* [TASK PROMPT]: What you write must be the lines from the one holding "Hucha con Llave" through the final line of the records below, reproduced exactly, minus the pictures.

* [Extracted records]:
↓↓↓

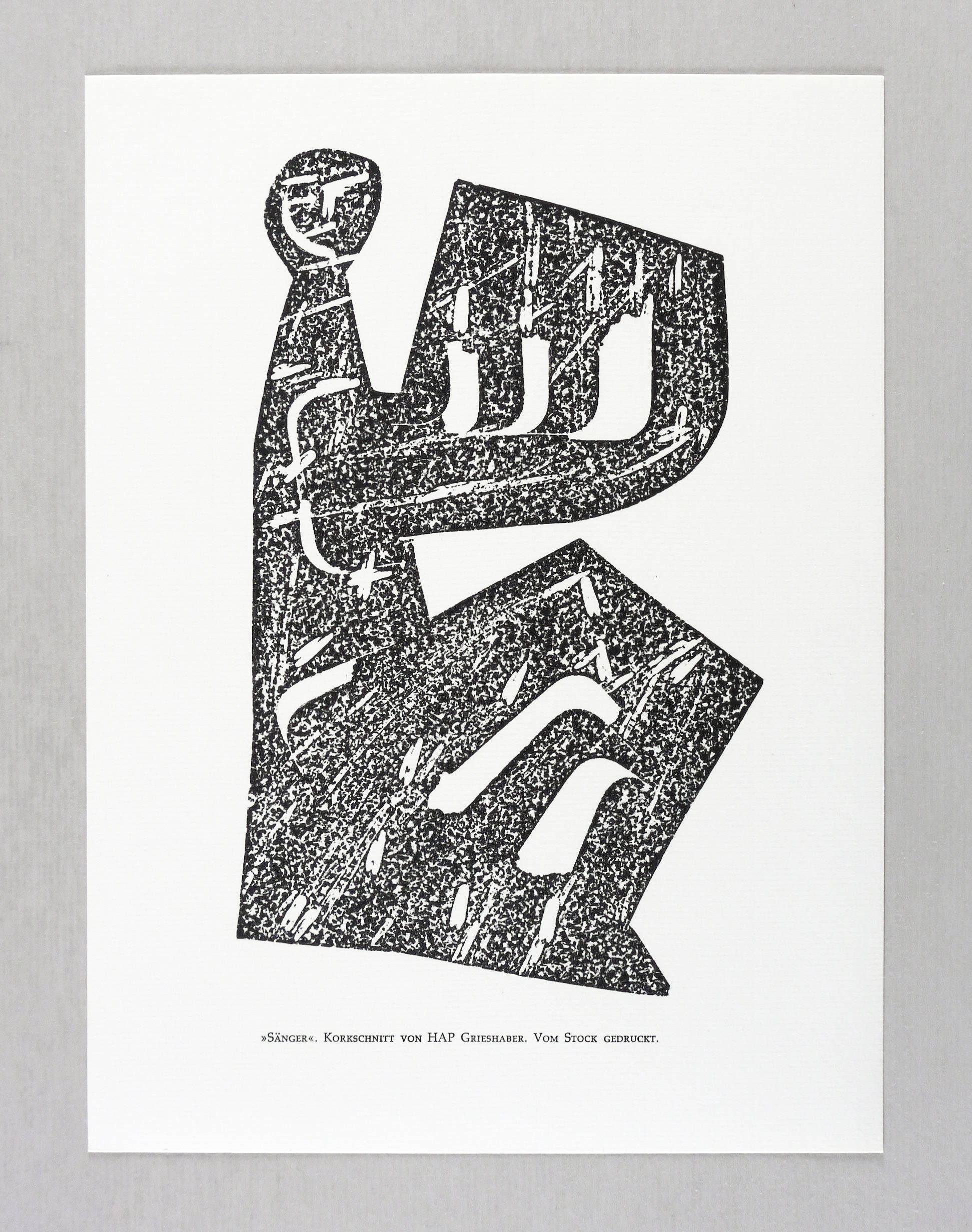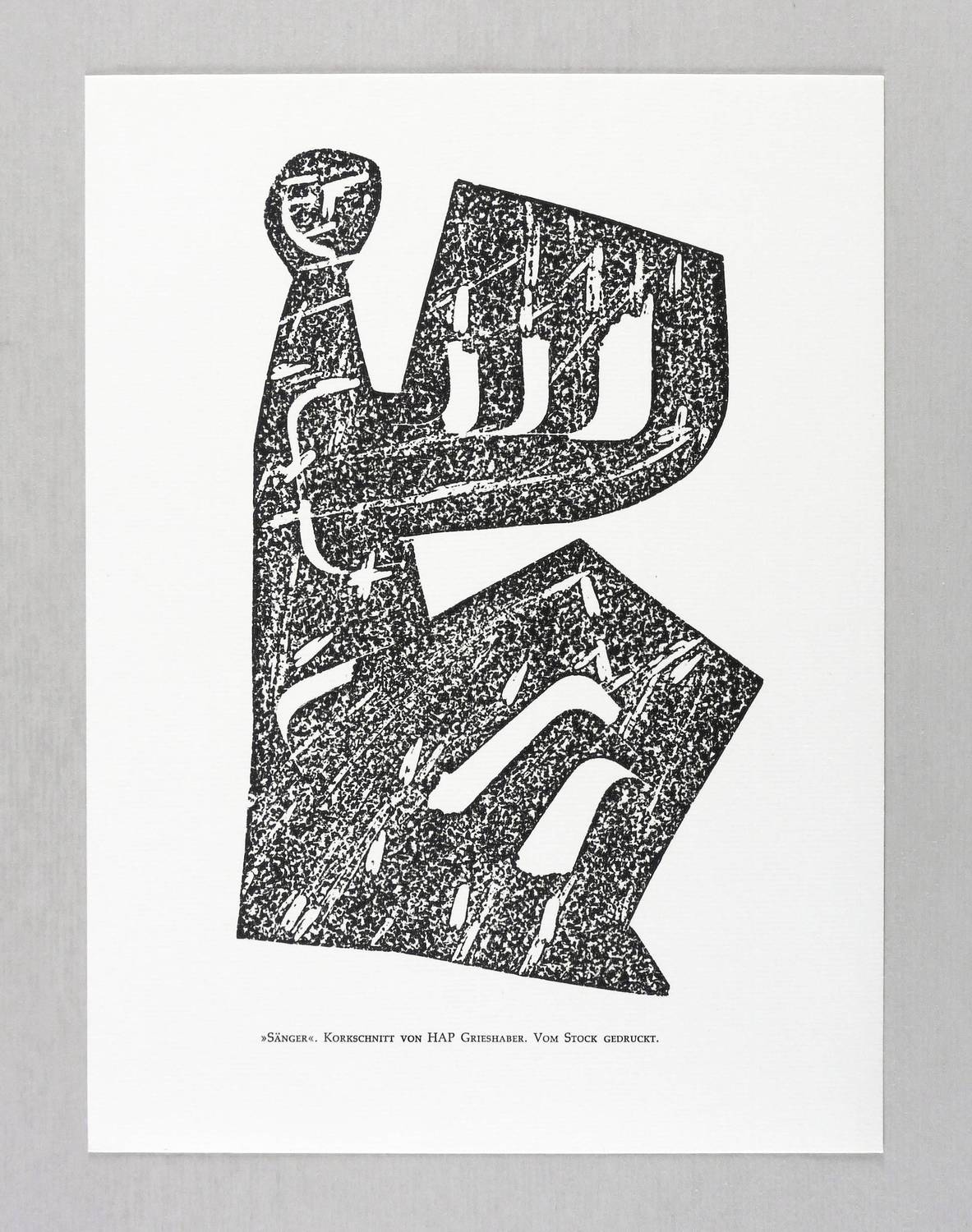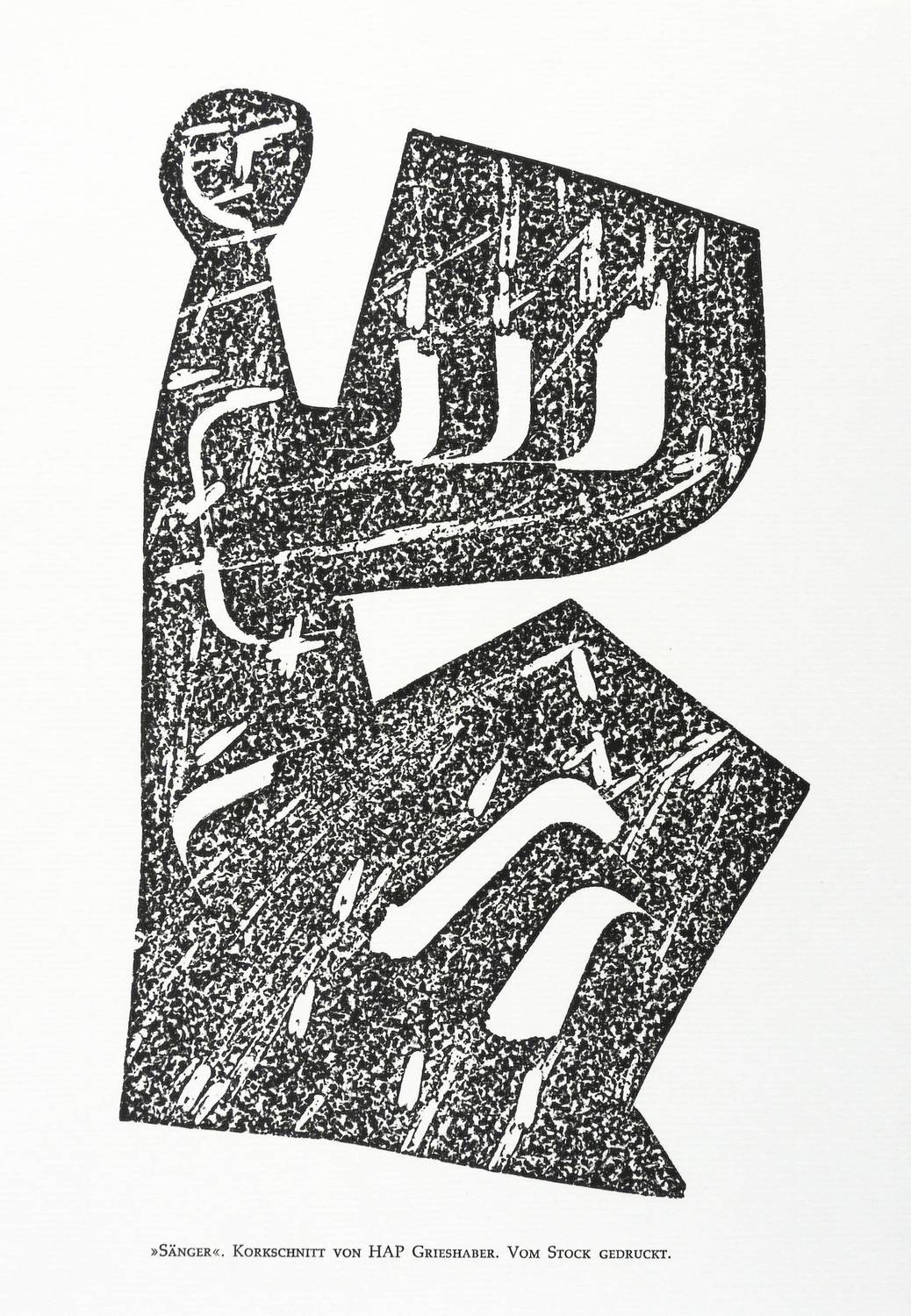 Fürst 72/93. – Nicht handsigniert. Unterhalb typografisch bezeichnet: ″'SÄNGER'. KORKSCHNITT VON HAP GRIESHABER. VOM STOCK GEDRUCKT.″ – Originalgrafische Beilage zu ″Attempto. Nachrichten für die Freunde der Universität Tübingen″ Nr. 45/46 (Tübingen 1972). – Sehr guter Zustand.
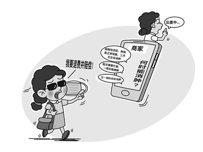 浙江泽鼎律师事务所律师夏谨言:“消费者认为商家提供的服务效果令其不满意,可以前往三甲医院进行诊断,并保留相关凭证,通过司法途径解决。现如今有不少商家通过优惠宣传吸引消费者到店,随后以专业话术促使消费,消费者应对商家的营销手段有心理预期,可以先体验项目,如若满意商家服务再继续购买。”
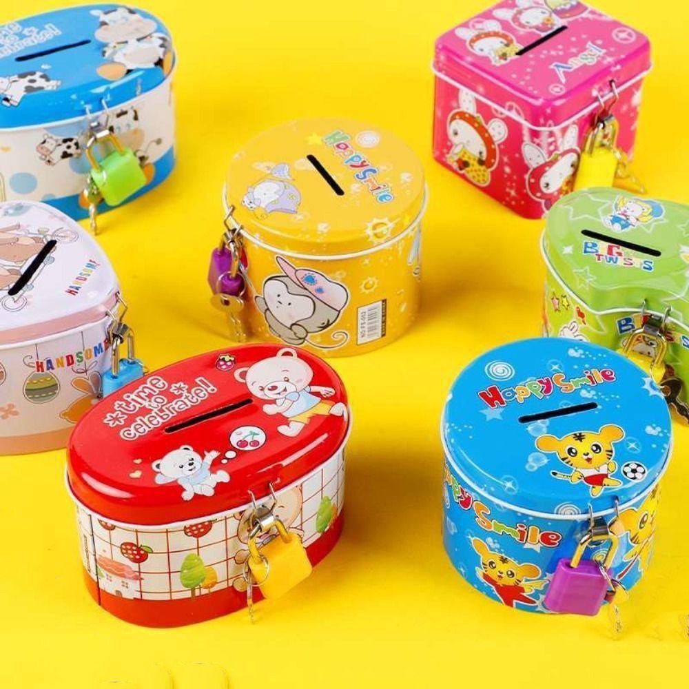 Hucha con Llave Diseño Estampado de Dibujos Animados Tarro de Almacenamiento para Niños Caja de Colección
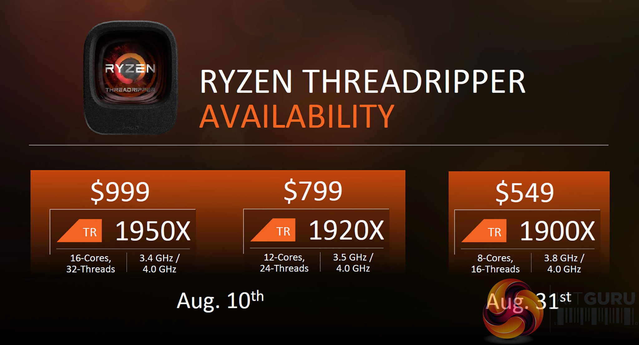 We already knew that AMD was due to release Ryzen Threadripper 1950X and 1920X in early August and at SIGGRAPH the date was confirmed as the 10th August. These 16 and 12 core chips are now due to be joined by an 8-core Ryzen Threadripper 1900X on 31st August with pricing as follows:
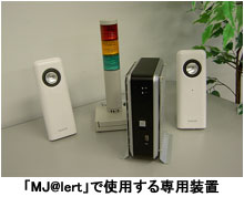 2社が提供する企業向けの緊急地震情報配信サービス「MJ@lert(エム・ジェイ・アラート)」は配信システムから企業などに設置した専用の受信・警報装置「緊急箱」に地震発生の情報を知らせる。「緊急箱」は、配信システムから設置された地域へ揺れの「到達までの余裕時間」と「予想震度」の速報を受信し、予め設定した震度を超えた場合に、付属の警告灯とスピーカーで警報を発する。
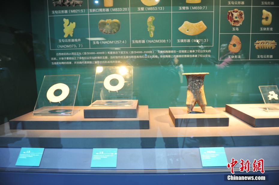 10月16日,展出的玉璧及陶鬲。当日,“又见红山”精品文物展在辽宁省博物馆举行,共有玉玦形猪龙、玉C形龙、玉勾云形器、玉凤等200余件红山文化精品文物展出。 中新社记者 于海洋 摄

↑↑↑

* [RESULT FOR THIS TASK]:
 Hucha con Llave Diseño Estampado de Dibujos Animados Tarro de Almacenamiento para Niños Caja de Colección
 We already knew that AMD was due to release Ryzen Threadripper 1950X and 1920X in early August and at SIGGRAPH the date was confirmed as the 10th August. These 16 and 12 core chips are now due to be joined by an 8-core Ryzen Threadripper 1900X on 31st August with pricing as follows:
 2社が提供する企業向けの緊急地震情報配信サービス「MJ@lert(エム・ジェイ・アラート)」は配信システムから企業などに設置した専用の受信・警報装置「緊急箱」に地震発生の情報を知らせる。「緊急箱」は、配信システムから設置された地域へ揺れの「到達までの余裕時間」と「予想震度」の速報を受信し、予め設定した震度を超えた場合に、付属の警告灯とスピーカーで警報を発する。
 10月16日,展出的玉璧及陶鬲。当日,“又见红山”精品文物展在辽宁省博物馆举行,共有玉玦形猪龙、玉C形龙、玉勾云形器、玉凤等200余件红山文化精品文物展出。 中新社记者 于海洋 摄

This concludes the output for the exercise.